Mohammad Derakhshan1

ABSTRACT

Apoptosis or programmed cell death that is genetically regulated is a process for killing cells. It is essential for the normal function of organisms and therefore variety of diseases including autoimmunity and cancer result from any defect in this physiological process. Two pathways are responsible for signalling apoptosis: intrinsic or mitochondrial pathway and extrinsic or death receptor pathway. As a final result of this process, cell destruction activated by a family of cysteine proteases (caspases) takes place. This article summarizes current knowledge of apoptosis.

Key words: Apoptosis, Caspases, Mitochondria.

Pak J Med Sci    October - December 2007 (Part-II)    Vol. 23 No. 6    979-982


1. Mohammad Derakhshan, MD. PhD,
Associate Professor of Virology,
Department of Virology and Buali Research Institute,
Mashhad University of Medical Sciences (MUMS),
Mashhad – Iran.

Correspondence

Mohammad Derakhshan, MD. PhD
Email: derakhsham@mums.ac.ir
m.derakhshanmd@yahoo.com

* Received for Publication: February 20, 2007
* Revision Received: February 27, 2007
* Revision Accepted: October 16, 2007


INTRODUCTION

Apoptosis was first described by the Australian pathologist; John Kerr in 1965. He recognized a distinct form of cell death and named it "shrinkage necrosis". In 1972 the term apoptosis was introduced by John Kerr, Alastair Currie and Andrew Wyllie for what was now recognized as a morphologically typical, dynamically controlled form of cell death.1 The term apoptosis was suggested by James Cormac, professor of classical Greek at the University of Aberdeen and is derived from the Greek meaning "dropping off" and so signifies the dropping of leaves from the tree.2 Apoptosis or programmed cell suicide is a genetically regulated, active process that eliminates cells in both physiological and pathological processes. It is characterized by profound and distinct changes in cellular architecture leading to self destruction.3,4 It is a normal physiological response to specific suicide signals, or lack of survival signals. It has an essential role in shaping tissues during development, endocrine dependent atrophy and normal cell turnover in many tissues.5 It also limits the accumulation of harmful cells, such as self-reactive lymphocytes, virus-infected cells and tumour cells.6

Significant progress has been made in defining the mechanisms of apoptotic control underlying the pathophysiology of viral infections, autoimmune diseases, neurodegenerative disorders, immunologic deficiencies, and cancers. In fact apoptosis itself plays a key role in the development of the immune system, controlling the immune response; deleting immune cells recognizing self-antigens, and cytotoxic killing.

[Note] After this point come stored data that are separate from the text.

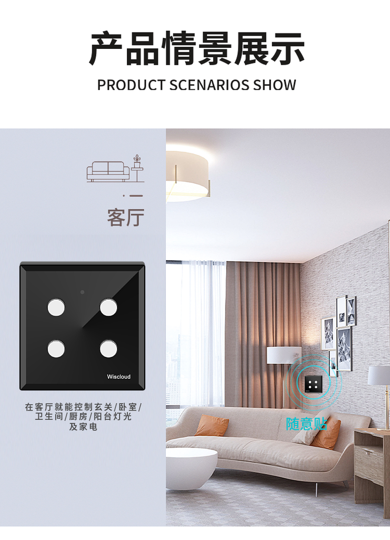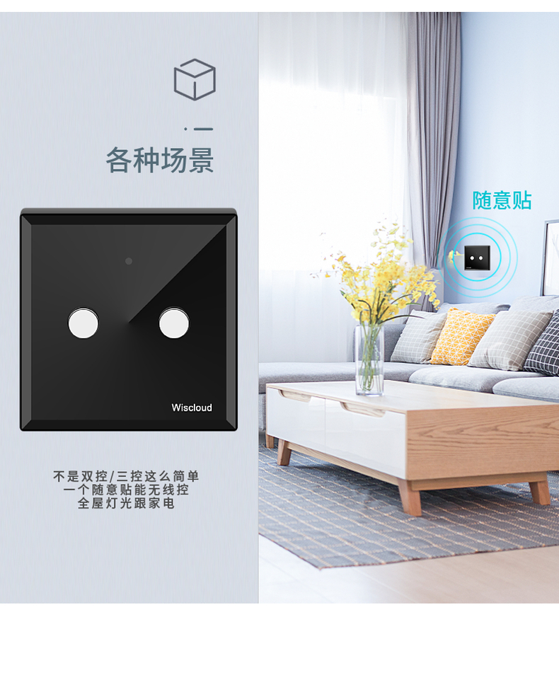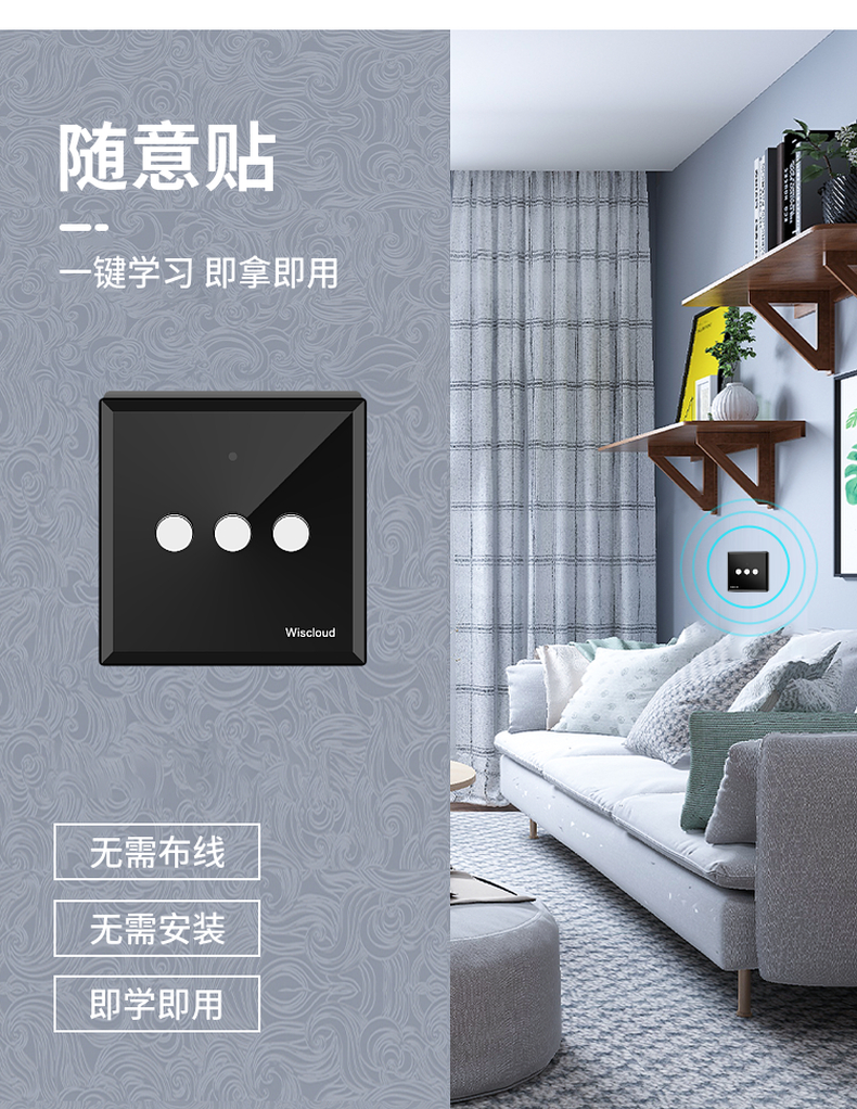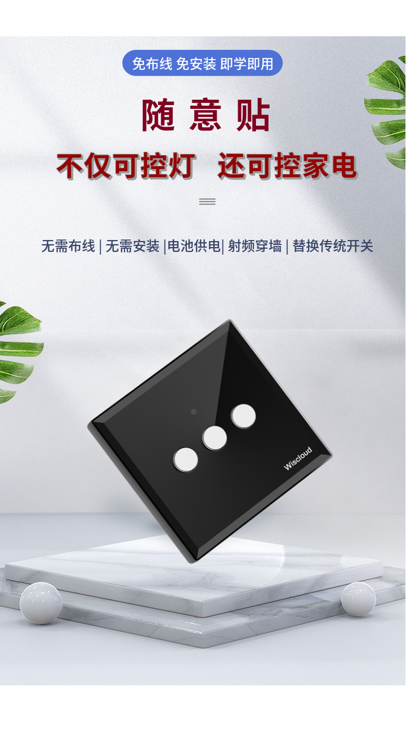 無需布線|無需安裝|電池供電|射頻穿墻|替換傳統(tǒng)開關(guān)
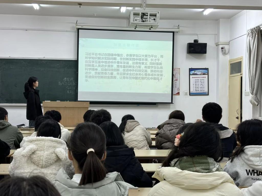 习近平总书记给中国国际老员工创新大赛参赛员工代表回信,对他们予以亲切勉励。为深入学习推进创新精神,11月24日,PA视讯数学与应用数学2401团支部举办了“学习习近平总书记给中国国际老员工创新大赛参赛员工代表的回信”主题团日活动。本次活动由数学与应用数学2401班团支书白雅薇主持。
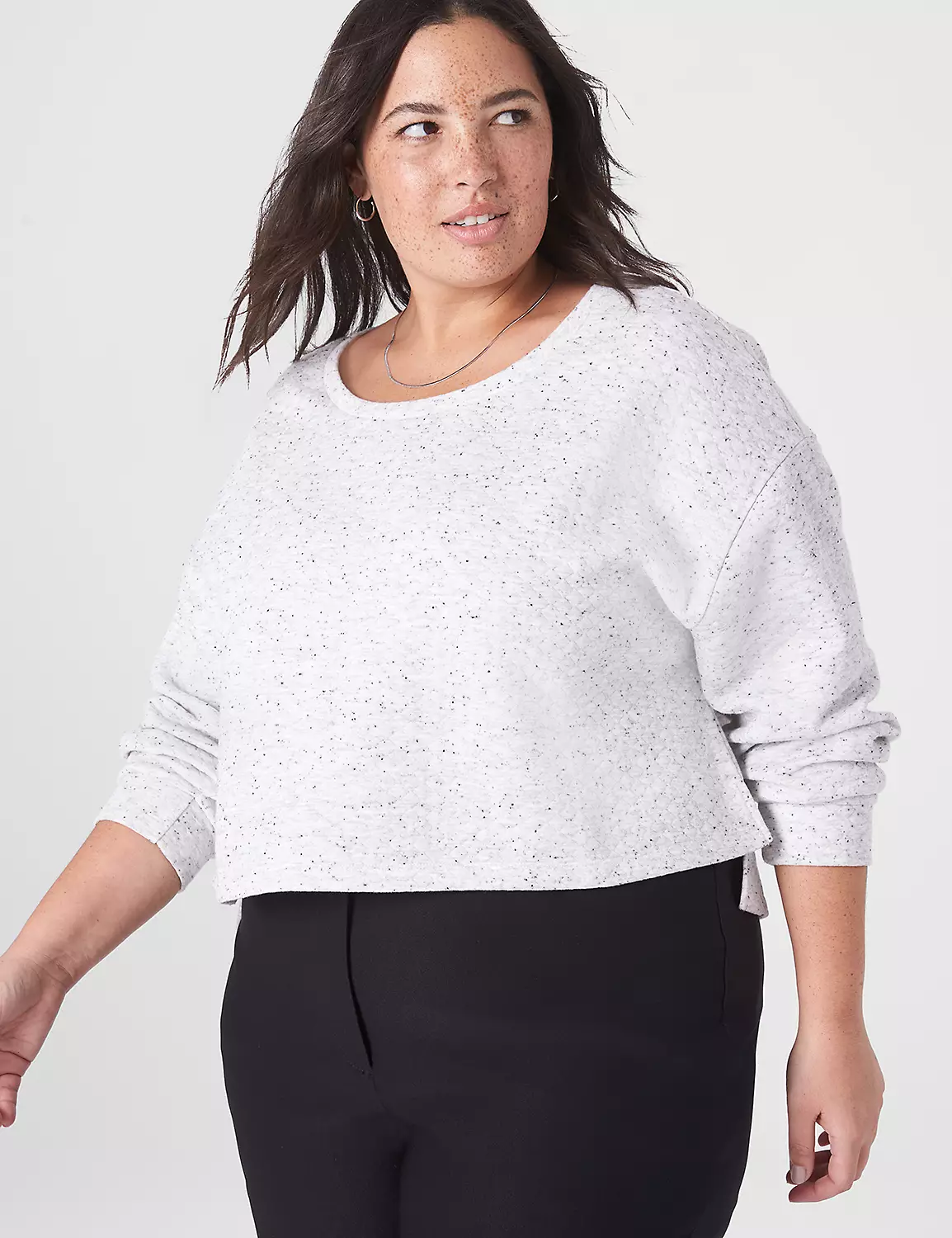 Crew neck. Long sleeves. Quilted fabric. Cropped.
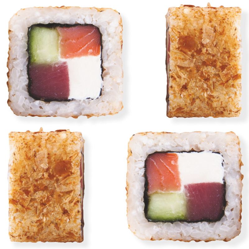 Угорь, лосось, майонез,огурец, унаги соус, кунжут.
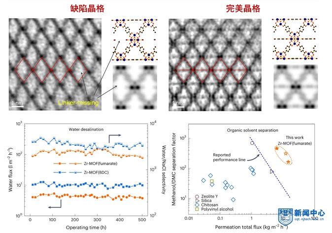 他们利用超低剂量高分辨电子显微成像技术,首次直接观察到MOF膜中的晶格缺陷及其被消除后的完美晶格结构(图2)。实验结果表明,无晶格缺陷的MOF膜仅允许小于晶格孔的分子快速通过,而大于晶格孔的分子或离子被截留,从而实现了水和离子的高效分离,以及性能高于文献报道1-2个数量级的甲醇/碳酸二甲酯共沸物分离,极具工业应用前景。

Defects in the regulation of apoptosis in the immune system may lead to autoimmune disease.7 In many virus-infected cells, virus replication will kill the cell, releasing virus particles. Since the cell is doomed anyway, it is in the host’s interest to destroy the infected cell sooner rather than later and thus prevent or minimize virus replication. In an immune individual this may be accomplished by the active immune response generating cytotoxic T cells or antibody dependent cell killing. However, apoptosis may be seen as an innate equivalent of this process that may well have predated the development of the more active immunological mechanisms in evolutionary terms.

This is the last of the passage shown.